If breathing itself isn’t enough to occupy you, you can also focus on your hands and what you’re touching with them, even if your fingers are touching nothing but the palms. Your hands help ground you physically in the same way as breathing grounds you. Your sense of touch is quite raw, or basic. It isn’t dressed up in fancy justifications and patterns. It’s real, unlike your thoughts.
The issue here is that your thoughts represent your programming repeating itself incessantly, affirming itself, and mixed up in your programming is your vision problems. By stopping your thoughts, for even just a moment, you stop your programming, and from that perspective you can better see what is really going on with yourself when you try to see. When your mind is silent, you see yourself better. So everything you do you notice for what it is. So you establish yourself as breath and as your hands. This is important because what you think of as “who you are” is a personality all wrapped up as part of your programming and vision problems. You’re rebuilding your programming in order to have a functional visual system (it isn’t as hard as it sounds), so you have to step outside of it a little, devalue it, and in your firm grounding in your breath be willing to toss away a little bit what you thought of as “who you are” if it isn’t congruent to the way your visual system is supposed to work.
Drive Yourself
So let’s get going.
In your attempt to see in a more natural way that leads to good vision, you may ironically be actually practicing a more mechanical and unnatural way of using your eyes than ever before. Some material on the Bates method tells you to shift between details, or trace outlines. But be careful about following an outline of an object, as if you’re drawing it with your eyes as the pencil. That isn’t how people with good vision see.
Remember that during this process you can spend time at things that do indirectly help your vision, such as palming, improving your back/neck posture, or conscious breathing. But when it comes to how to look at things, you don’t need to be practicing anything in your way of using your eyes that people with good vision don’t already do. And what they do is not hard. This process is really about backing up and understanding how simple seeing is supposed to be. You’ll beat yourself up when you finally realize that what you’ve been avoiding doing is the very key to seeing clearly.
We see lots of things to look at in the above photo. What’s the first thing you looked at? The house? Why? Maybe because at your first glance you decided it was the most significant thing there, or potentially the most interesting. The white color really stands out among the greens too. For our purposes it doesn’t matter why you looked at it. The thing to notice is the fact that your attention was drawn to it. And what’s something that people with good vision do. They look at what their attention is drawn to, or what is the most interesting thing at the moment.

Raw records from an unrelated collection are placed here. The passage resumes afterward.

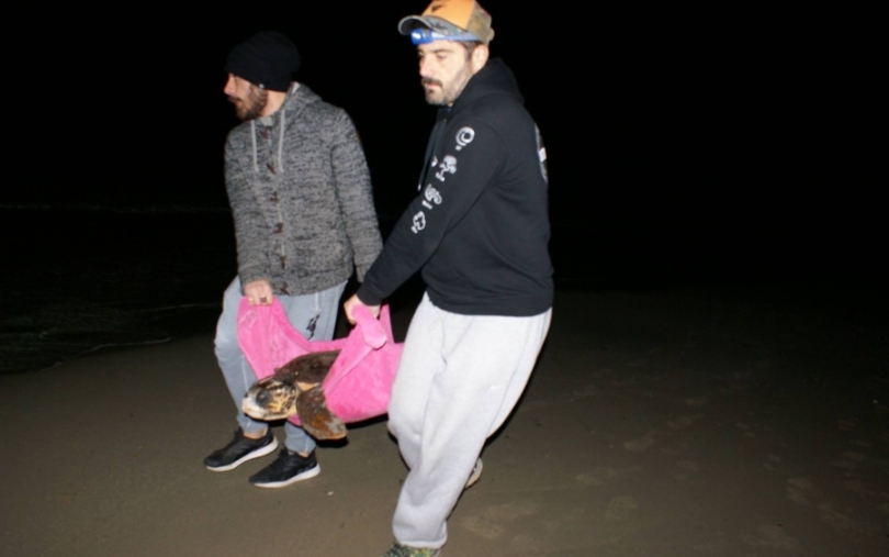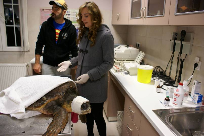 Η ομάδα του Wildlife Sense που συμβάλει στην προστασία των θαλάσσιων χελωνών και των φωλιών τους στην Κεφαλονιά, οργάνωσε επιχείρηση διάσωσης, κι έτσι η χελώνα μεταφέρθηκε με ειδικά διαμορφωμένο όχημα στο γραφείο της κτηνιάτρου Σπυριδούλας Βαβάση, η οποία της χορήγησε τις πρώτες βοήθειες.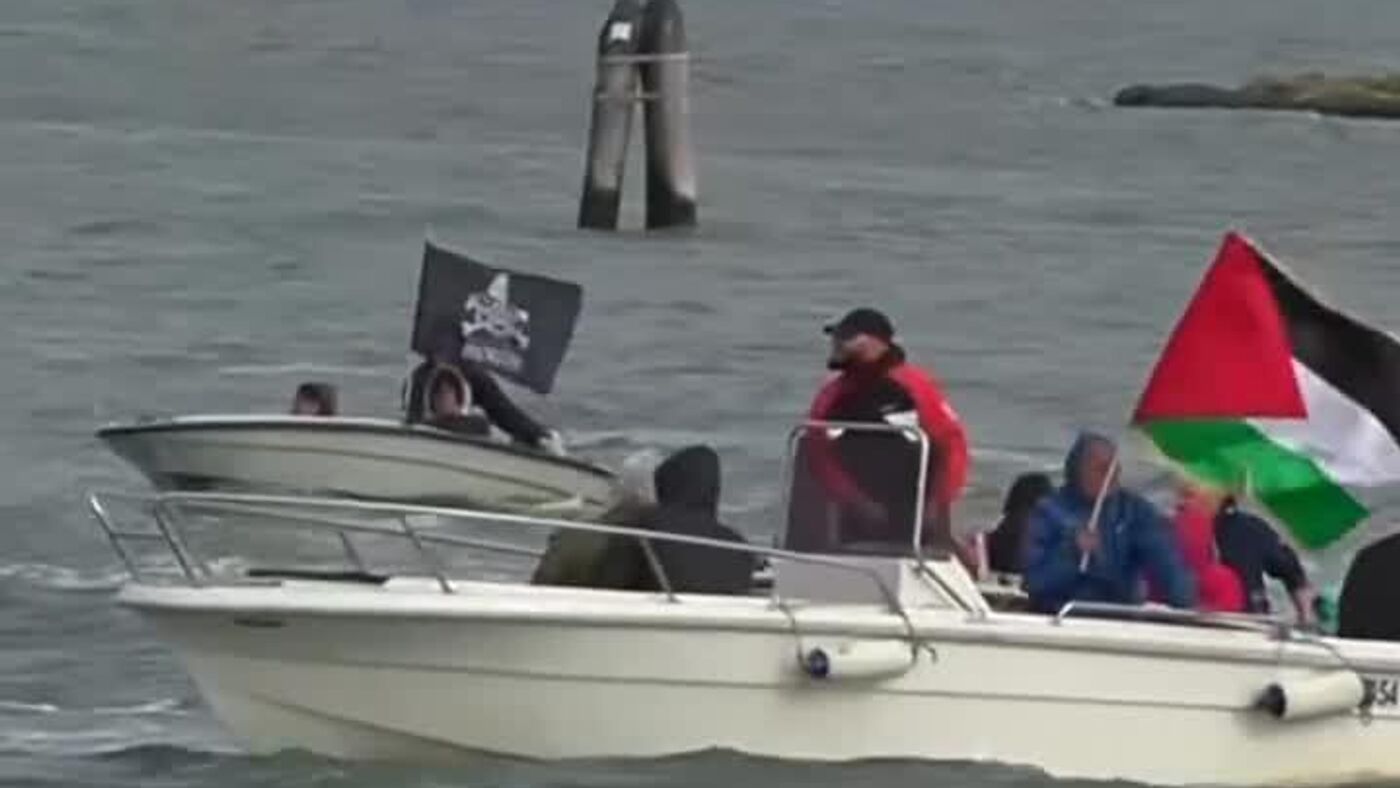▫در همین حال، در ونیز، چندین فعال با شعارهایی مانند "جنگ را متوقف کنید، نسلکشی را متوقف کنید" تلاش کردند تا جلوی ورود کشتی MCS Melani III را که عصر روز 29 سپتامبر وارد این بندر شد، بگیرند.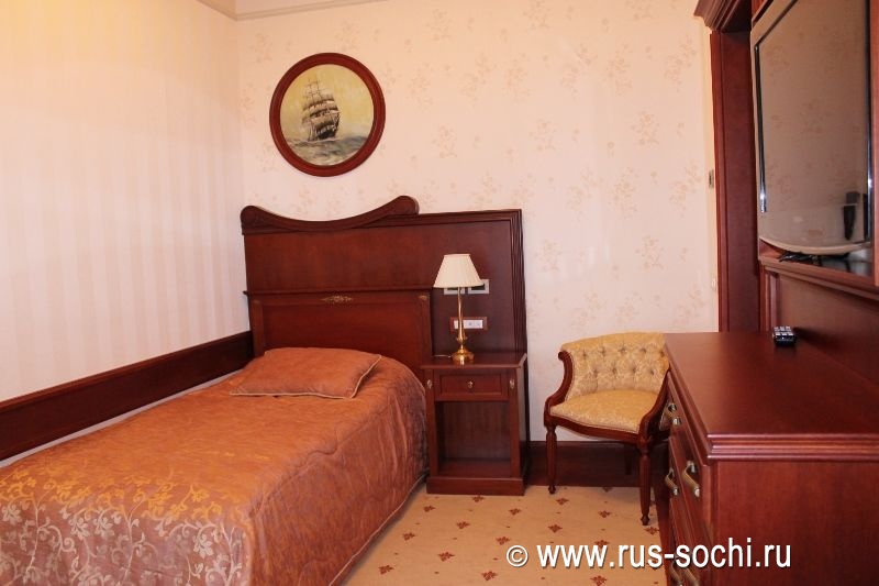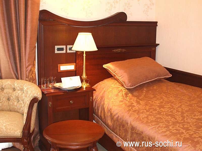 Односпальная кровать с ортопедическим матрасом, комфортная мебель, теплые оттенки портьер в венецианском стиле - все это смогут оценить желающие отдохнуть от суеты, шума и безумного темпа современной жизни.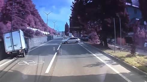 凶手逃之夭夭 货车被失控轿车逼进沟里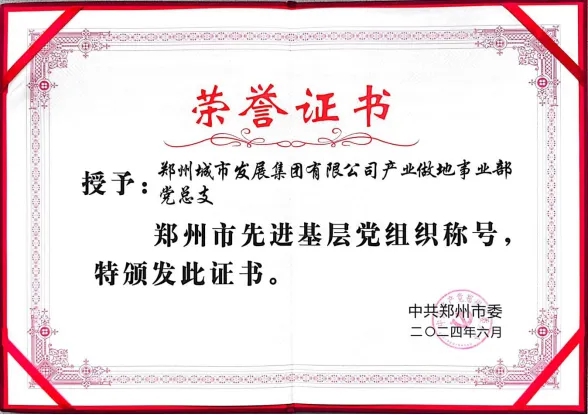 為慶祝中國共產黨成立103周年,6月27日,鄭州市“兩優(yōu)一先”表彰大會隆重舉行,大會對先進集體和個人進行了表彰。鄭州城發(fā)集團產業(yè)做地事業(yè)部黨總支被授予“鄭州市先進基層黨組織”榮譽稱號,事業(yè)部黨總支書記吉獻亮參加表彰大會。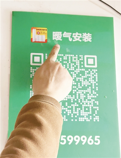 3月18日,记者赶到银河湾小区,看到多个楼道里贴着“暧气安装”二维码(如图)。采访中,小区多名居民坦言,虽然每天上下楼都经过这里,但谁也没注意到二维码的文字说明错了。

I’m going over this in such small steps because blurry vision disorders are, in my opinion, caused by an attention disorder. You don’t spend enough time paying attention to what you’re looking at in the right way. To put it simplistically, I believe your eyes and your brain’s visual center aren’t working in unison, and your eyes can’t work well without your brain. And your own will has to be the starting point. You need a sincere desire to see something and find out more about it and devote your attention to it, or you’re just uselessly going through the motions. Your brain has to get involved and get fired up and stay that way.
So let’s say you looked at the house. Why? Because for whatever reason you wanted to see it better. Now that we’re looking at the house, what’s the first part of the house you looked at? Nice railing on the porch. Is there anybody on the porch? What’s that on the door? I don’t see anybody on the porch, but what’s that sign in front of house? Beware of Dog? Parking in Rear? Can we see anything at all on the sign?
I’m only suggesting where you might look. I’m not telling you where to look, and you aren’t planning out where to look. So don’t get in the habit, when you’re practicing “shifting”, to just bounce around between points for the sake of keeping your eyes moving. The whole point of your eyes moving is it it signifies that your attention was moving and is driving your eyes to move as a consequence of you wanting to look more closely at different things.
What You Already See
With each object, look at the smallest details that you already can see. On the face of the sign, what’s the smallest piece of color you can perceive? And surely there are other spots elsewhere on the sign of the same size, so look around to notice some of them as well. Ok, so you’ve noticed what you can, and nothing else is apparent there, so you can look away from the sign and at the next most interesting thing. Easy, right? Makes sense that you have to do this to really see what you are already capable of seeing right now, right? And yet you don’t already do this, do you.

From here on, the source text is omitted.